• Adam Horvath

West End Girls, But It's EAST END CLAM PIE!

I’ve never been shy to self-depreciate but this post is gonna make me sound like an idiot. It’s because admittedly, I have a childlike knowledge of The Hamptons and actually all of Long Island for that matter. Heavy traffic, Diddy’s White Party, Ina & Jeffery and the New York Islanders. Other than that, everything else I know about the tip of Long Island, I learned from watching Kourtney & Khloe Take the Hamptons.


But then over the pandemic I discovered something amazing about Long Island that I never knew, the Bonac Clam Pie.

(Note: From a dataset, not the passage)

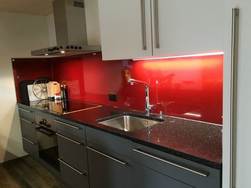 Die Küche ist komplett ausgestattet und verfügt über ein Induktion- Kochfeld, Backofen, grosser Kühlschrank, Gefrierschrank, Geschirrspülmaschine, Kaffeevollautomat inkl. Bohnen zum freien Gebrauch, Toaster, Mixer und einem Raclette- und Fondueset.Badezimmer:

That and thanks to a DNA test, I found out I have a long lost biological sister with eight kids who has lived out there my entire life, but I’ll save that for another blog post.


No, Not Clam Pizza

Bonac Clam Pie, not to be confused with the New Haven Style clam pizza, is a hearty seafood dish that originated in East Hampton in the mid 1600's. Centuries old recipes brought over from Europe and perfected in the New World have been passed down from mother to daughter and father to son from the original Bonackers who settled the area. Along with his wife Kim, Clint Bennett Jr., a 14th generation Bennett, whose ancestors worked side by side with the local Indians learning how to fish the Bay, opened Bennett Shellfish over 6 years ago selling oysters, clams, lobsters and fish; anything fresher is still swimming in the ocean. And Kim might just make the best clam pie on the East End. If you don’t believe me, ask the Facebook page Bonac Eats, a popular group embracing Bonacker culture and cuisine, and they will be quick to let you know.


All clam pies generally contain the same core ingredients; locally raked quahogs chopped in their juice, chunky cut potatoes and island grown celery and onions cooked in a creamy, briny broth, baked inside a flaky pie crust. Imagine a thick clam chowder in a bread bowl served in a chickenless pot pie instead. And no two recipes are exact. Some are made with rendered bacon, others add handpicked herbs from their garden. And then there are some pies made with an intensely flavored homemade clam liquor that will trick your senses into believing you are sipping directly from the ocean. TRUTH BE TOLD- I wrote most of this before actually tasting a clam pie. I JUST ATE IT! 😍 If you've ever enjoyed a chowder, you will LOVE THIS! Kim's clam pie is 🔥- Top 5 Food of this year!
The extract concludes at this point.